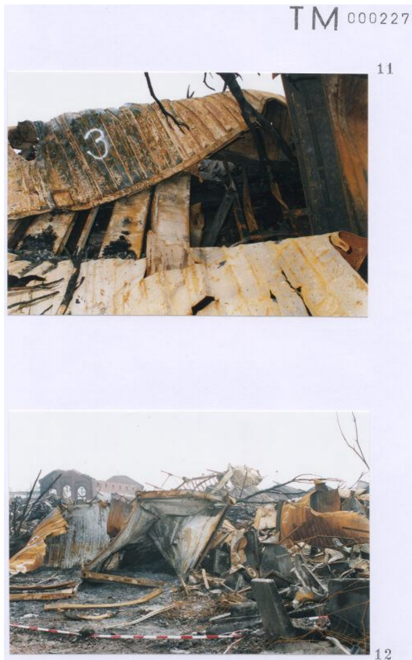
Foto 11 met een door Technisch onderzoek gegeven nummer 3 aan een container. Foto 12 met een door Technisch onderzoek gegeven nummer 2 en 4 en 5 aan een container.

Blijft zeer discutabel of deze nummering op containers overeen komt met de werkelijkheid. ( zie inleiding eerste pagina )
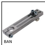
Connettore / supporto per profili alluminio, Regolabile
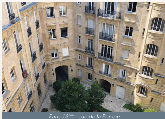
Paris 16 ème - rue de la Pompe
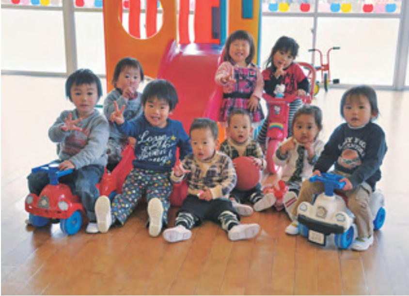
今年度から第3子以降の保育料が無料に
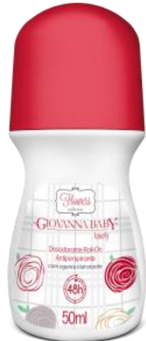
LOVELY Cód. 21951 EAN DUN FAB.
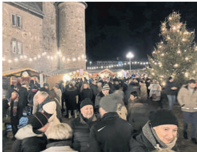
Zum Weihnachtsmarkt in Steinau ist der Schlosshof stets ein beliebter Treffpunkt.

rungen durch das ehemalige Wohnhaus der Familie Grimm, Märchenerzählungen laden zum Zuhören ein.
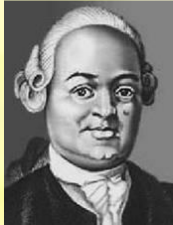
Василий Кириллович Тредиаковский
---
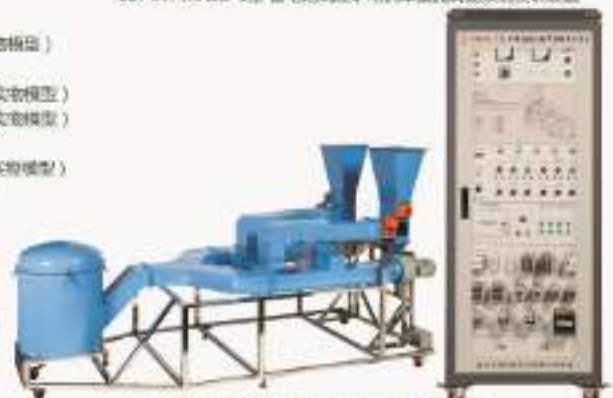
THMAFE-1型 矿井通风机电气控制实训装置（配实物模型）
---
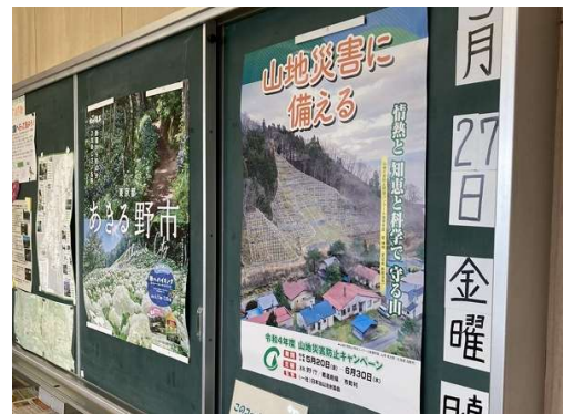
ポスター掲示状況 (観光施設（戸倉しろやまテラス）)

→ PROBLEM TO SOLVE
Transcribe, word for word, the stretch of lines in the data above from the one with "Foto 11 met" through the one with "LOVELY Cód. 21951 EAN DUN FAB."; omit all pictures.

→ WRITTEN RESPONSE
Foto 11 met een door Technisch onderzoek gegeven nummer 3 aan een container. Foto 12 met een door Technisch onderzoek gegeven nummer 2 en 4 en 5 aan een container.

Blijft zeer discutabel of deze nummering op containers overeen komt met de werkelijkheid. ( zie inleiding eerste pagina )
Connettore / supporto per profili alluminio, Regolabile
Paris 16 ème - rue de la Pompe
今年度から第3子以降の保育料が無料に
LOVELY Cód. 21951 EAN DUN FAB.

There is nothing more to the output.